Already on GitHub? Sign in to your account

DNS propagation broken in newly-deployed systems #6951

Closed
davepacheco opened this issue Oct 29, 2024 · 1 comment · Fixed by #6956
Closed

DNS propagation broken in newly-deployed systems #6951

davepacheco opened this issue Oct 29, 2024 · 1 comment · Fixed by #6956
Assignees

Comments

@davepacheco
Copy link
Collaborator

tl;dr: It looks like #6794 changed RSS such that the initial internal DNS configuration has the wrong port number in the SRV records for the internal DNS servers. Since DNS propagation relies on these records, DNS propagation doesn't work, which unfortunately makes it hard to fix a system that has this problem.
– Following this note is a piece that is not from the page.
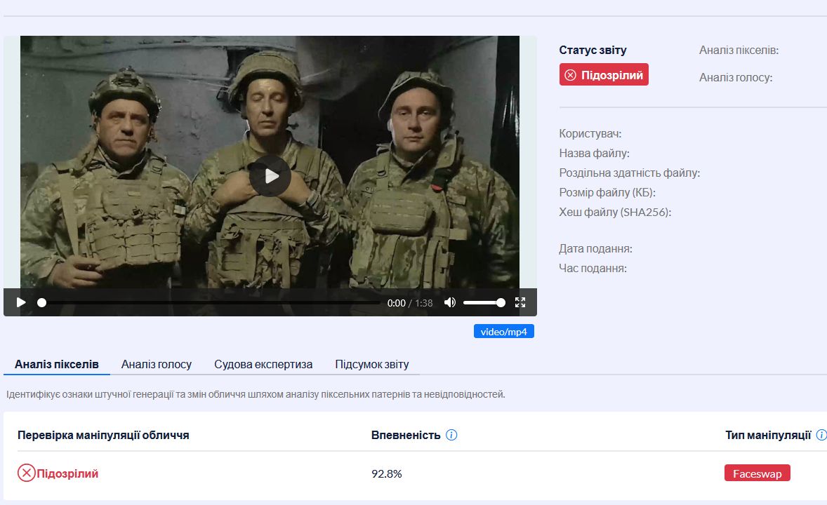 Відео містить ознаки використання штучного інтелекту. Зокрема під час своєї промови «військовий» робить помилки та проковтує слова, коли говорить назву підрозділу, місце оточення чи про військове керівництво. Наче на декілька секунд звук обривається.
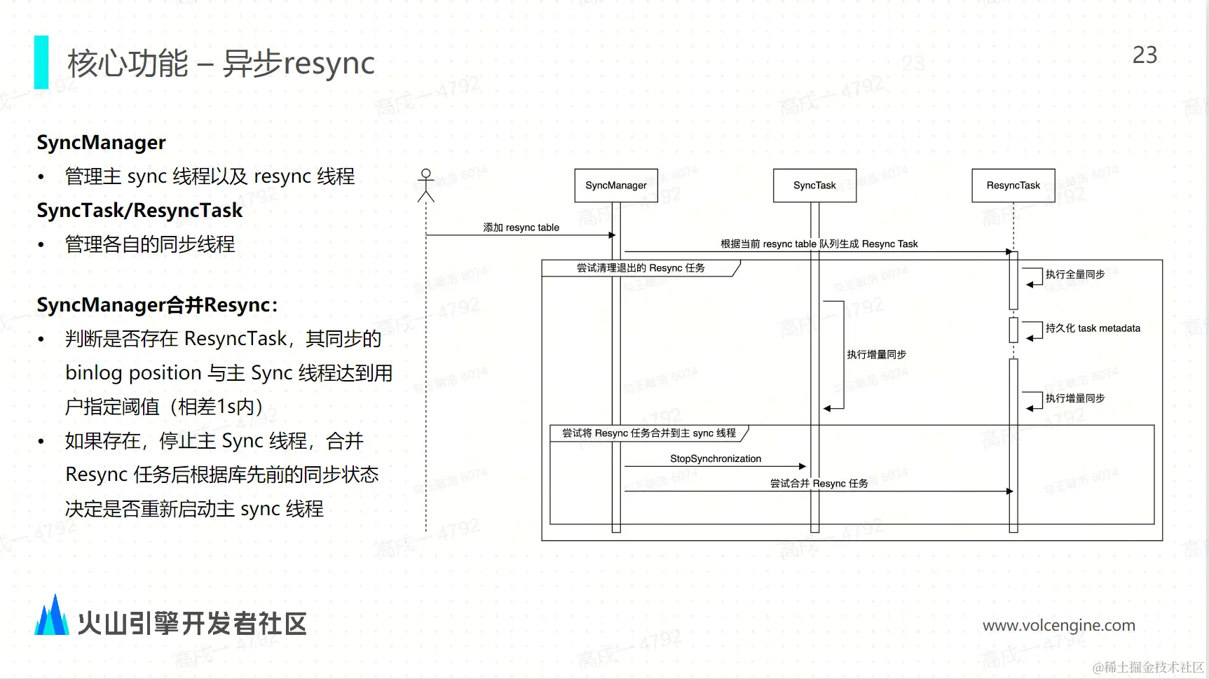 这里有三个对象, SYNC manager是用来管理主 SYNC 线程和 Resync 线程,然后 SYNC task 和 resync task 各自管理各自的任务。比如说一个 MySQL 的库有 100 张表,我们选了 50 张表进行同步,所以在同步进行过程中,当 think task 同步到 binlog 的 position 位置,比如到 1000 的时候,用户修改了配置之后,它增加了 30 张表。增加 30 张表的时候, SYNC manager 就会启动 Resync task 去同步另外 30 张表,那这个时候 SYNC task 是继续执行的;RESYNC task 会从 position 0 开始,它先做全量的同步,然后再做增量的同步。所以当到达某一个阶段,比如说 sync task 跑到了 position 1500 的时候, resync task 跑到了 position 1490 的时候,这时 SYNC manager 就会去判断两者的误差,这个 position 的误差在一定的阈值之内,在一定阈值之内之后,它会将 SYNC task 停止1秒钟,将 RESYNC task 合并到 SYNC task 中。合并成功之后,这 80 张表就都会通过SYNC task 继续同步,而 RESYNC task 这个任务就会被停止掉。这就是现在 RESYNC task 做了一个能力实现。

I do not believe this can ever affect systems deployed prior to #6794, which includes dogfood, colo, and all existing customer systems.


@andrewjstone reported in chat that while testing #6950 (which has minimal changes from "main" for the purpose of this ticket), he had code that was trying to look up newly-added clickhouse admin DNS records, but they weren't found, even though Reconfigurator had written them to DNS. He was seeing:

22:15:09.033Z WARN 80018545-6637-4afa-aaec-bc1f4e7a00f9 (ServerContext): Failed to lookup ClickhouseAdminKeeper in internal DNS: no record found for Query { name: Name("_clickhouse-admin-keeper._tcp.control-plane.oxide.internal."), query_type: SRV, query_class: IN }. Is it enabled via policy?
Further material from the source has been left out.